2. Analisis dan Pembahasan
2.1. Analisis Deskriptif
Secara geografis Kabupaten Kebumen terletak pada 7°27′ – 7°50′ Lintang Selatan dan
109°22′ – 109°50′ Bujur Timur. Kabupaten Kebumen secara administratif terdiri dari 26 kecamatan
dengan luas wilayah sebesar 128.111,50 hektar atau 1.281,115 km², dengan kondisi beberapa
wilayah merupakan daerah pantai dan perbukitan, sedangkan sebagian besar merupakan dataran
rendah. Dari luas wilayah Kabupaten Kebumen, pada tahun 2011 tercatat 39.768,00 hektar atau
sekitar 31,04% merupakan lahan sawah dan 88.343,50 hektar atau 68,96% lahan kering.

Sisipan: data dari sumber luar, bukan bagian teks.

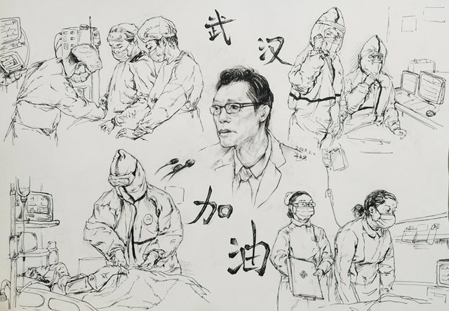 我不知道你是谁,但我知道你为了谁!许亚男说,微信朋友圈里满是武汉一线医生护士们不畏病毒为病人治疗的照片,于是,她就用笔将他们画下来做成抖音上传为他们加油!其中,有钟南山院士,也有最普通的医护人员工作的样子。
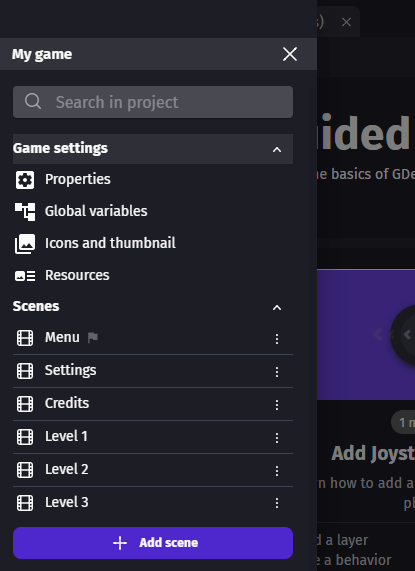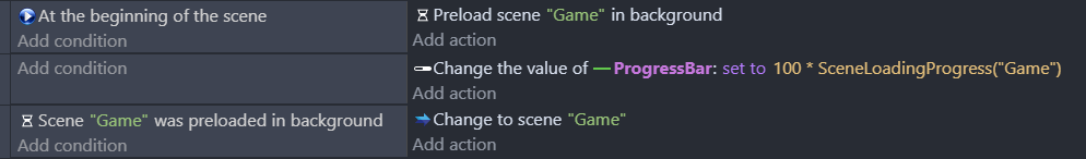 SceneLoadingProgress("TargetScene")— an expression returning a number from 0 (nothing loaded) to 1 (fully loaded). Connect it to a resource bar to give visual feedback.- Scene preloaded condition — becomes true when all resources for the target scene are ready. Use it to switch to the target scene automatically.

Secara kewilayahan, Kabupaten Kebumen memiliki berbagai potensi alam yang dapat
digunakan untuk pengembangan industri berbasis sumber daya alam seperti kerajinan gerabah.
Pada tahun 2008, konsentrasi industri kerajinan gerabah berada di wilayah Kecamatan Sruweng dan
Pejagoan. Sementara wilayah lain yang memiliki jumlah industri kerajinan gerabah yang cukup besar
diantaranya Kecamatan Buayan serta Kebumen. Dalam skala yang lebih kecil, industri tersebut juga
terkonsentrasi di Kecamatan Sempor, Petanahan, dan Kutowaringin. Sepintas terlihat bahwa tidak
terdapat pola pengelompokan tertentu dari industri kerajinan gerabah tersebut sebagaimana
terlihat pada Gambar 1.
Gambar 1. Kepadatan Industri Kerajinan Gerabah Kabupaten Kebumen Menurut Kecamatan Th 2008
Pada Tahun 2011, terjadi perubahan pola kepadatan industri kerajinan gerabah pada
beberapa wilayah. Terjadi penurunan konsentrasi industri kerajinan gerabah di wilayah Kecamatan
Sempor, Buayan, serta Pejagoan. Sementara itu, peningkatan konsentrasi jumlah industri justru
terjadi di wilayah Kecamatan Karanganyar, Klirong, serta Bulus Pesantren. Hasilnya, secara sepintas
terlihat bahwa telah terjadi perubahan pola pengelompokan industri kerajinan gerabah di
Kabupaten Kebumen dari menyebar pada tahun 2008 menjadi mengelompok pada tahun 2011
dimana wilayah-wilayah yang berdekatan memiliki kepadatan yang hampir serupa (Gambar 2).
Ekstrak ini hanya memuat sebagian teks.